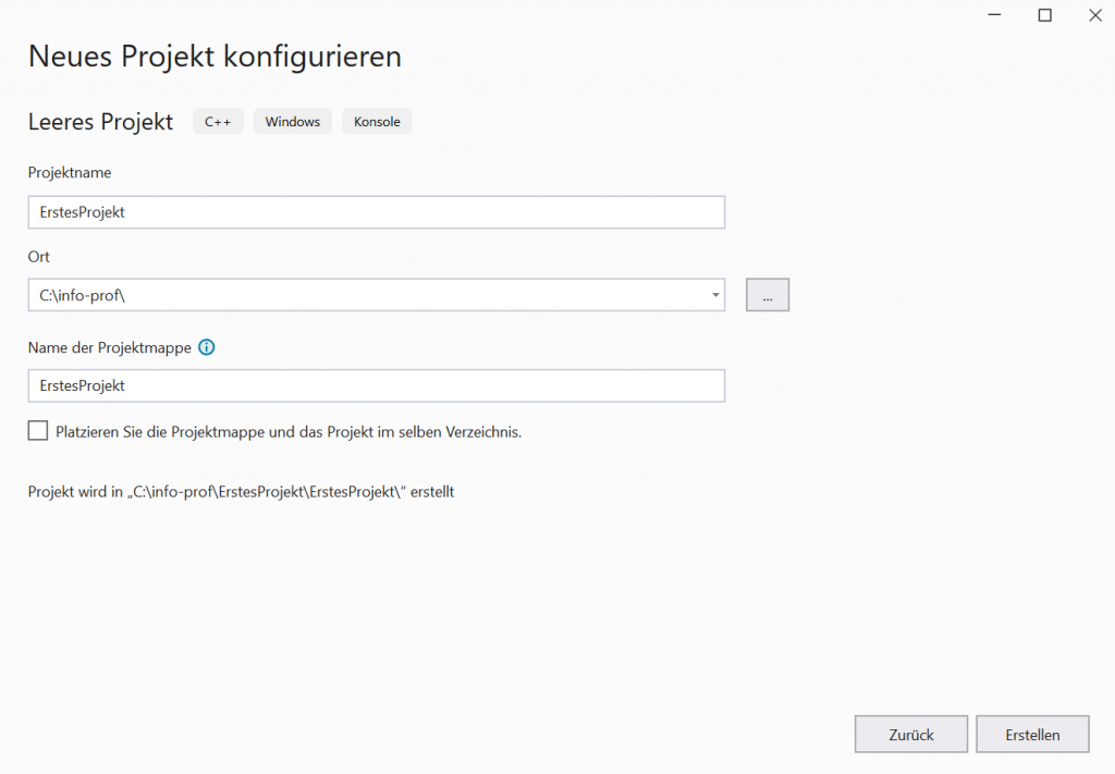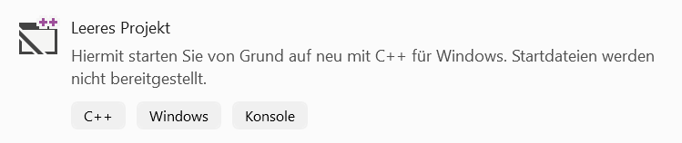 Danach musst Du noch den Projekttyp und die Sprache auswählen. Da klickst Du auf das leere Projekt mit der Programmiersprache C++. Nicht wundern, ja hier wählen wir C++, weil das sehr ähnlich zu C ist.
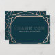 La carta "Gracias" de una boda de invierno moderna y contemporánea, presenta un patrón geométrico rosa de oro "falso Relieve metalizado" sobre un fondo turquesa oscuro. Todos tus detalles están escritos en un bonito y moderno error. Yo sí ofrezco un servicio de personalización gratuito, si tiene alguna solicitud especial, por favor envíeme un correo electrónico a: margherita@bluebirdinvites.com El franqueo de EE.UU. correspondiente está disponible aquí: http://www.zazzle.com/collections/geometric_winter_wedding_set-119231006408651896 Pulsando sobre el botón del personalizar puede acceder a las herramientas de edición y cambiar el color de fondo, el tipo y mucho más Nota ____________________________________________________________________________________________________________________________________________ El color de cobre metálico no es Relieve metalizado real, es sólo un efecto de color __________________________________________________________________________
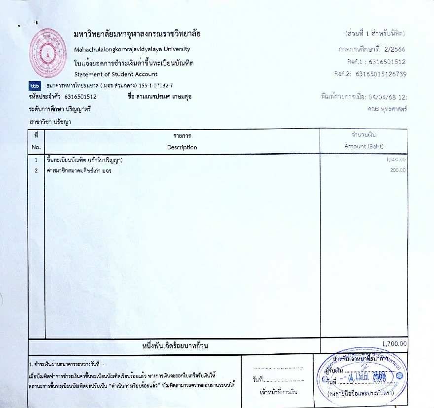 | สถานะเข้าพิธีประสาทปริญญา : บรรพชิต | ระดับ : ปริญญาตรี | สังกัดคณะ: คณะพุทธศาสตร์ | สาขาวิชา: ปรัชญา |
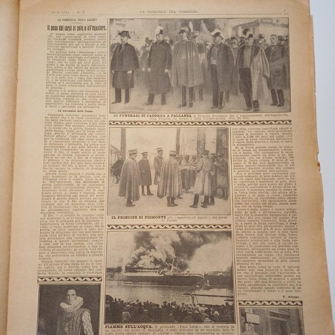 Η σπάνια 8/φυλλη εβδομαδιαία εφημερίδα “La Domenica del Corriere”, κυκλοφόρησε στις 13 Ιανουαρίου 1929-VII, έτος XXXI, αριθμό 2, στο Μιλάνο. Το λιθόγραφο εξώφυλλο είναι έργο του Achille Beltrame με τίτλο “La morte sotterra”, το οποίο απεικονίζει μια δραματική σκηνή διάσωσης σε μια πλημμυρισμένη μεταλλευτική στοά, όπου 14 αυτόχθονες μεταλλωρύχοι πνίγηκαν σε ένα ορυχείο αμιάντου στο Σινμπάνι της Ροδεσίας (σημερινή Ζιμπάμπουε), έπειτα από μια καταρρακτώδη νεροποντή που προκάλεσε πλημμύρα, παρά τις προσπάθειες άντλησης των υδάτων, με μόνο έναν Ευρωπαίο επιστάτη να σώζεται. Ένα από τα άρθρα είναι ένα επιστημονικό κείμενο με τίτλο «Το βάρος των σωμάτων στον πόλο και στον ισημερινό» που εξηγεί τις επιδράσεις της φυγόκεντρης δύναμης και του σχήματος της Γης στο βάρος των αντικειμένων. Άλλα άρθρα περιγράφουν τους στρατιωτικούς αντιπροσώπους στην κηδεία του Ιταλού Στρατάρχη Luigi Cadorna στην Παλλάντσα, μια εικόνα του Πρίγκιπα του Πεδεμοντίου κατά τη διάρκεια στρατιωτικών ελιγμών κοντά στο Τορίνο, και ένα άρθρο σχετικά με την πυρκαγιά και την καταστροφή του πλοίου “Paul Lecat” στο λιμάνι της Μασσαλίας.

____________

> Your instructions
When you reach the line that contains "สาขาวิชา: ปรัชญา |", start copying the listing word for word and stop only after its last line, without any pictures.

> Exercise solution
 | สถานะเข้าพิธีประสาทปริญญา : บรรพชิต | ระดับ : ปริญญาตรี | สังกัดคณะ: คณะพุทธศาสตร์ | สาขาวิชา: ปรัชญา |
 Η σπάνια 8/φυλλη εβδομαδιαία εφημερίδα “La Domenica del Corriere”, κυκλοφόρησε στις 13 Ιανουαρίου 1929-VII, έτος XXXI, αριθμό 2, στο Μιλάνο. Το λιθόγραφο εξώφυλλο είναι έργο του Achille Beltrame με τίτλο “La morte sotterra”, το οποίο απεικονίζει μια δραματική σκηνή διάσωσης σε μια πλημμυρισμένη μεταλλευτική στοά, όπου 14 αυτόχθονες μεταλλωρύχοι πνίγηκαν σε ένα ορυχείο αμιάντου στο Σινμπάνι της Ροδεσίας (σημερινή Ζιμπάμπουε), έπειτα από μια καταρρακτώδη νεροποντή που προκάλεσε πλημμύρα, παρά τις προσπάθειες άντλησης των υδάτων, με μόνο έναν Ευρωπαίο επιστάτη να σώζεται. Ένα από τα άρθρα είναι ένα επιστημονικό κείμενο με τίτλο «Το βάρος των σωμάτων στον πόλο και στον ισημερινό» που εξηγεί τις επιδράσεις της φυγόκεντρης δύναμης και του σχήματος της Γης στο βάρος των αντικειμένων. Άλλα άρθρα περιγράφουν τους στρατιωτικούς αντιπροσώπους στην κηδεία του Ιταλού Στρατάρχη Luigi Cadorna στην Παλλάντσα, μια εικόνα του Πρίγκιπα του Πεδεμοντίου κατά τη διάρκεια στρατιωτικών ελιγμών κοντά στο Τορίνο, και ένα άρθρο σχετικά με την πυρκαγιά και την καταστροφή του πλοίου “Paul Lecat” στο λιμάνι της Μασσαλίας.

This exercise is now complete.